• [Your instructions]: Reproduce all the data exactly, without pictures.

• [Data records]:
+++

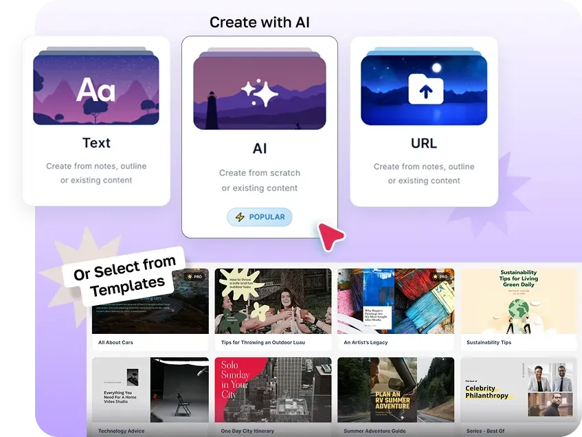 Menghasilkan Video Berdurasi Panjang dalam Semua Bahasa & Topik, Dengan Obrolan AI | Dari URL | Dari Template | Dari Blank Canvas
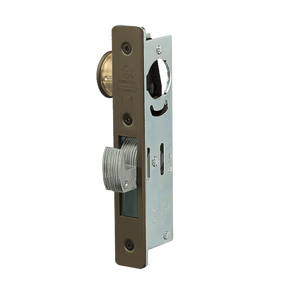 360° turn of key or thumbturn projects or retracts the counterbalanced bolt. Key can be removed only when bolt is in a positively locked or unlocked position. Lock accepts any standard 1" [25.4 mm] length, 1-5/32" [29.4 mm] diameter mortise cylinder with MS® cam such as the 4036 Mortise Cylinder or thumbturn such as the 4066Thumbturn, available separately. Lock accepts cylinder from either or both sides.
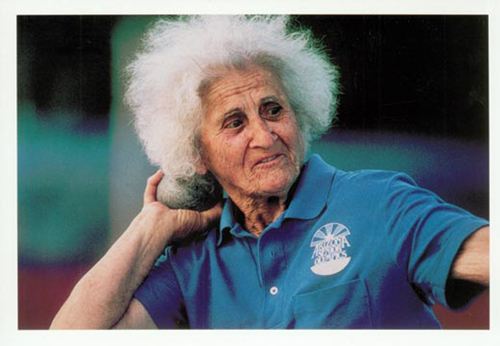 On the back of the card, the young woman is identified as weightlifter Cheryl Haworth, an Olympic bronze medalist. "If you saw Haworth in street clothes," the card asks, "would you think she was an athlete?" And, "Is there a difference between the way you expect a female athlete to look and a male athlete to look?"
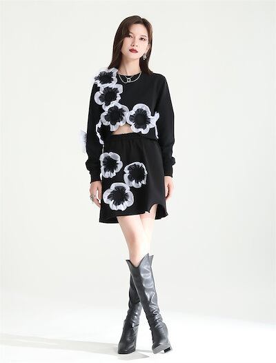 【J.Fashion】 花飾り ブラウス 秋冬 スウェット レディース 長袖 ドッキング トップス 関連商品は店で購入可能 メガ割
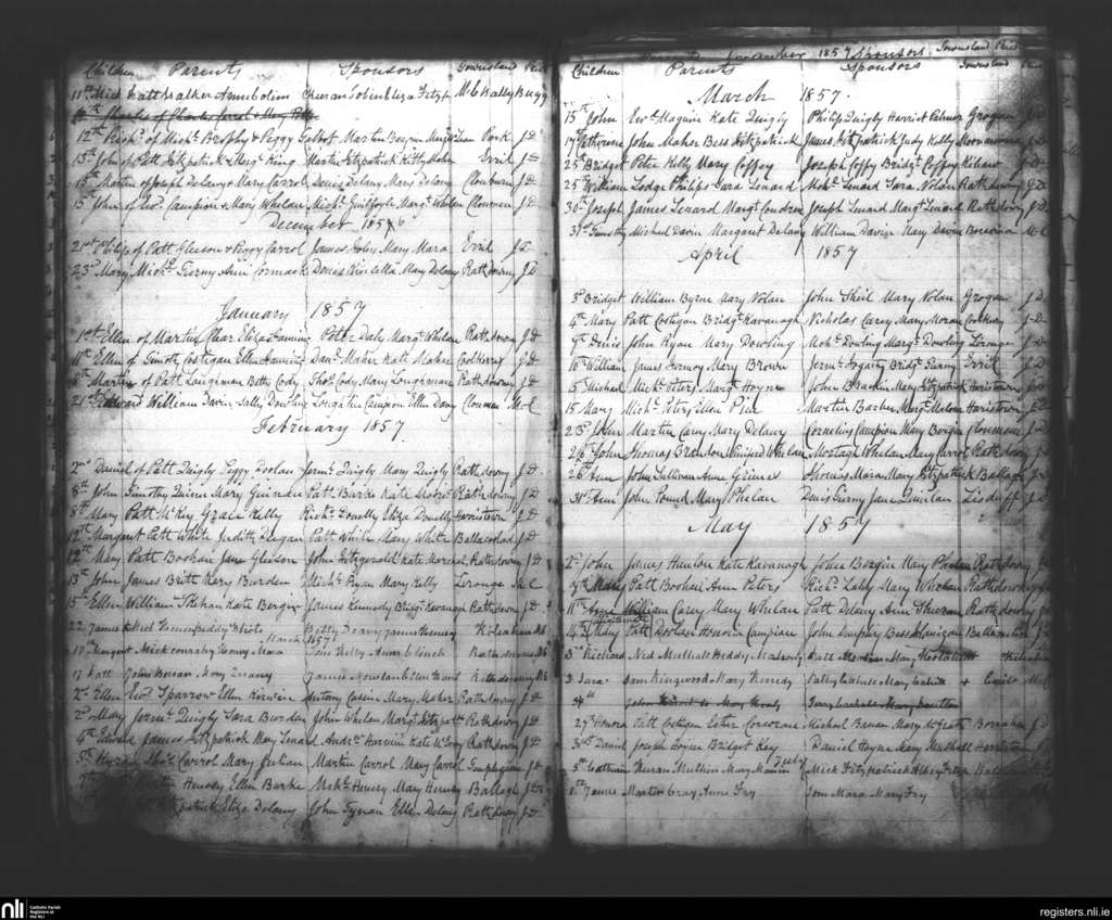 Rathdowney; County of Laois; Diocese of Ossory. Baptisms, Dec. 1856 to Nov. 1857
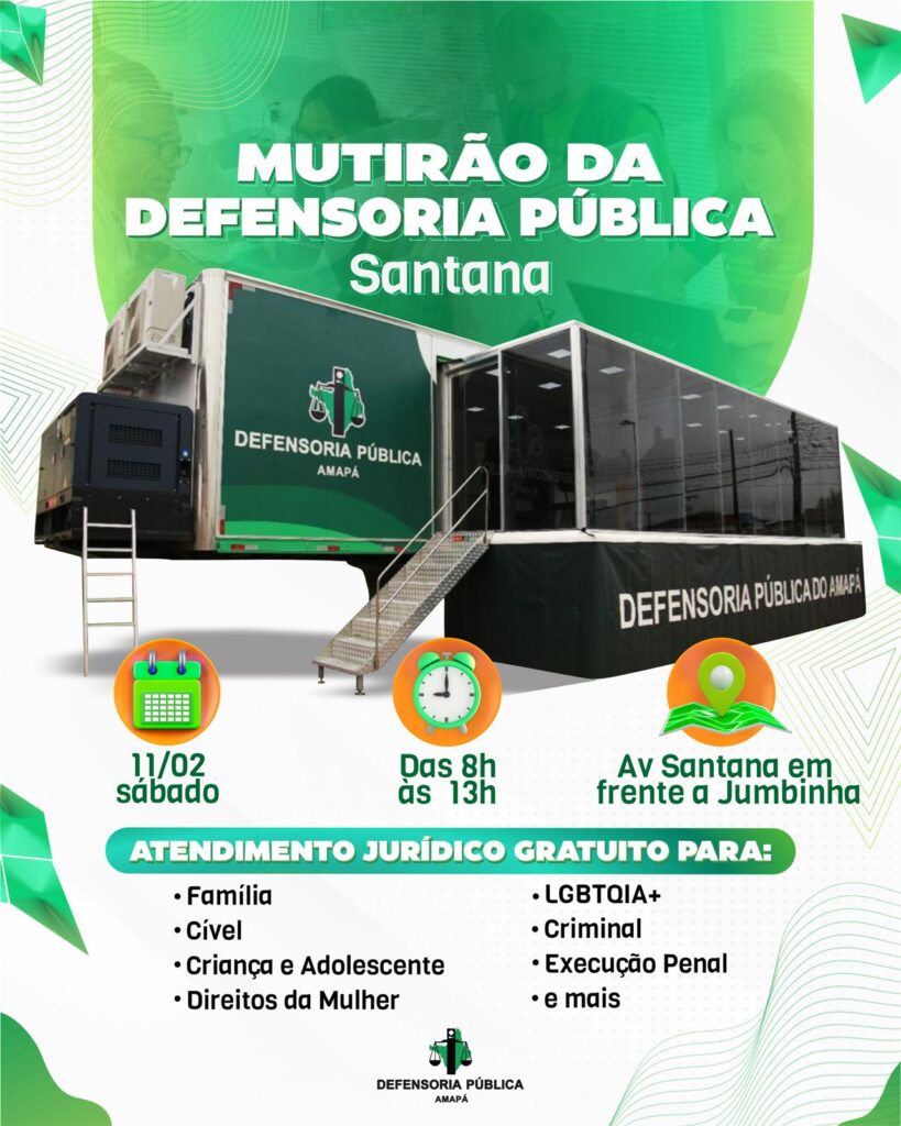 A carreta de atendimento móvel da Defensoria Pública do Amapá (DPE-AP) vai estacionar no município de Santana neste sábado, 11, com atendimentos jurídicos gratuitos à população, com os Núcleos de Família, Cível, Criança e Adolescente, Direitos da Mulher, LGBTQIA+, Criminal, Execução Penal e outros.
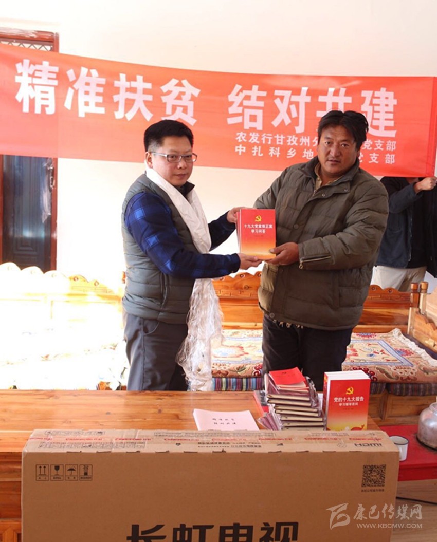 農(nóng)發(fā)行甘孜州分行向共建支部贈送十九大知識輔導(dǎo)讀本。
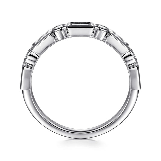 Gabriel & Co. 14K White Gold Bezel Set Baguette and Round Diamond Anniversary Band
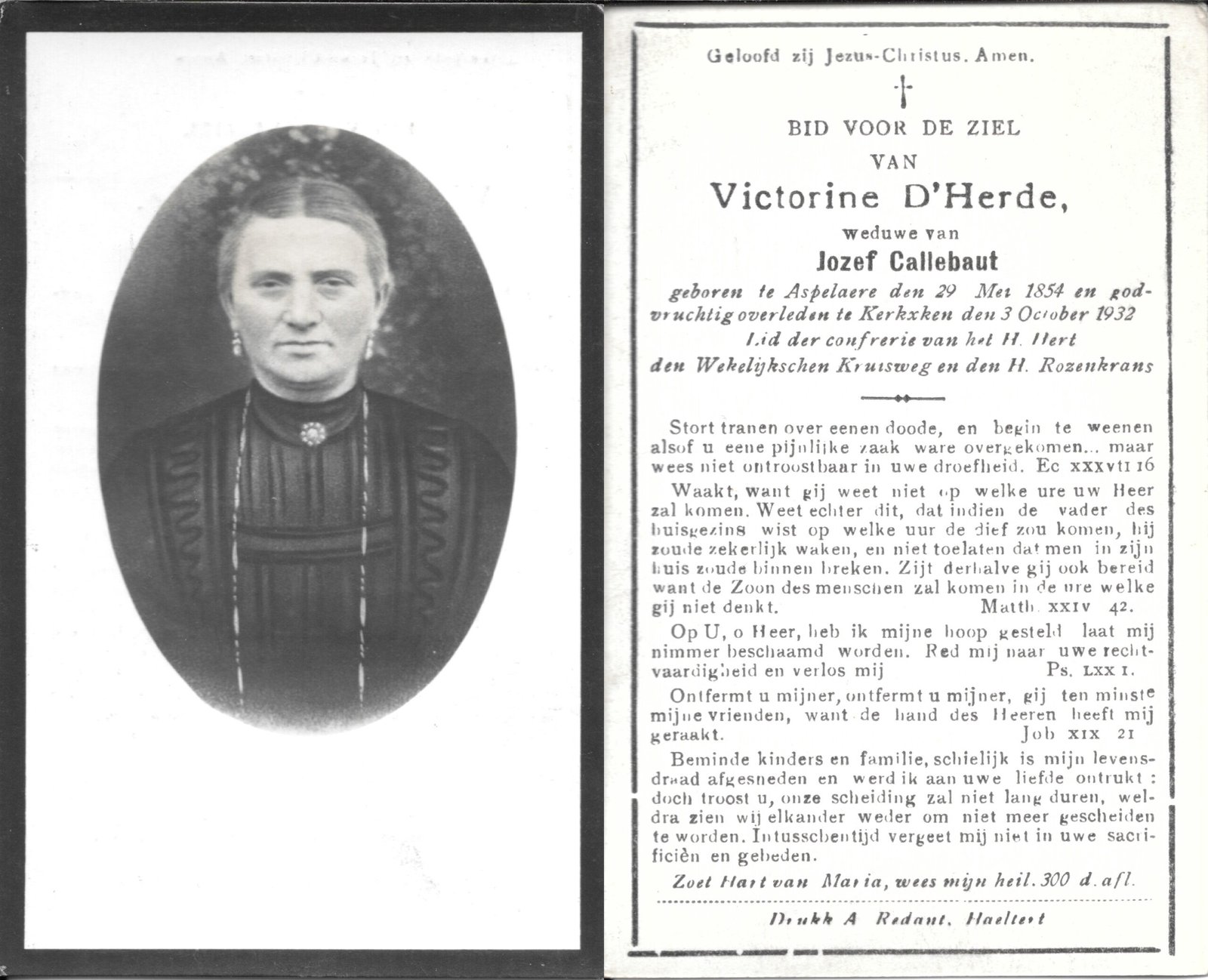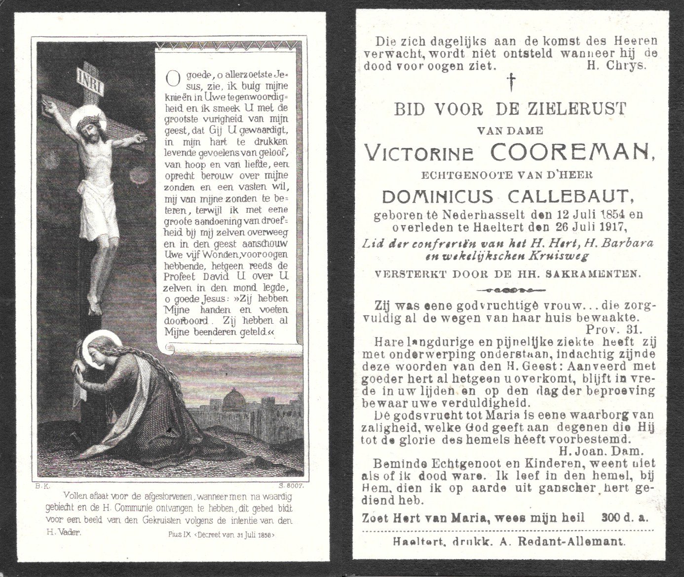 | Cooreman Victorine | Callebaut Dominicus | Nederhasselt | 12/07/1854 | Haaltert | 26/07/1917 |

+++

• [Exercise result]:
 Menghasilkan Video Berdurasi Panjang dalam Semua Bahasa & Topik, Dengan Obrolan AI | Dari URL | Dari Template | Dari Blank Canvas
 360° turn of key or thumbturn projects or retracts the counterbalanced bolt. Key can be removed only when bolt is in a positively locked or unlocked position. Lock accepts any standard 1" [25.4 mm] length, 1-5/32" [29.4 mm] diameter mortise cylinder with MS® cam such as the 4036 Mortise Cylinder or thumbturn such as the 4066Thumbturn, available separately. Lock accepts cylinder from either or both sides.
 On the back of the card, the young woman is identified as weightlifter Cheryl Haworth, an Olympic bronze medalist. "If you saw Haworth in street clothes," the card asks, "would you think she was an athlete?" And, "Is there a difference between the way you expect a female athlete to look and a male athlete to look?"
 【J.Fashion】 花飾り ブラウス 秋冬 スウェット レディース 長袖 ドッキング トップス 関連商品は店で購入可能 メガ割
 Rathdowney; County of Laois; Diocese of Ossory. Baptisms, Dec. 1856 to Nov. 1857
 A carreta de atendimento móvel da Defensoria Pública do Amapá (DPE-AP) vai estacionar no município de Santana neste sábado, 11, com atendimentos jurídicos gratuitos à população, com os Núcleos de Família, Cível, Criança e Adolescente, Direitos da Mulher, LGBTQIA+, Criminal, Execução Penal e outros.
 農(nóng)發(fā)行甘孜州分行向共建支部贈送十九大知識輔導(dǎo)讀本。
 Gabriel & Co. 14K White Gold Bezel Set Baguette and Round Diamond Anniversary Band
 | Cooreman Victorine | Callebaut Dominicus | Nederhasselt | 12/07/1854 | Haaltert | 26/07/1917 |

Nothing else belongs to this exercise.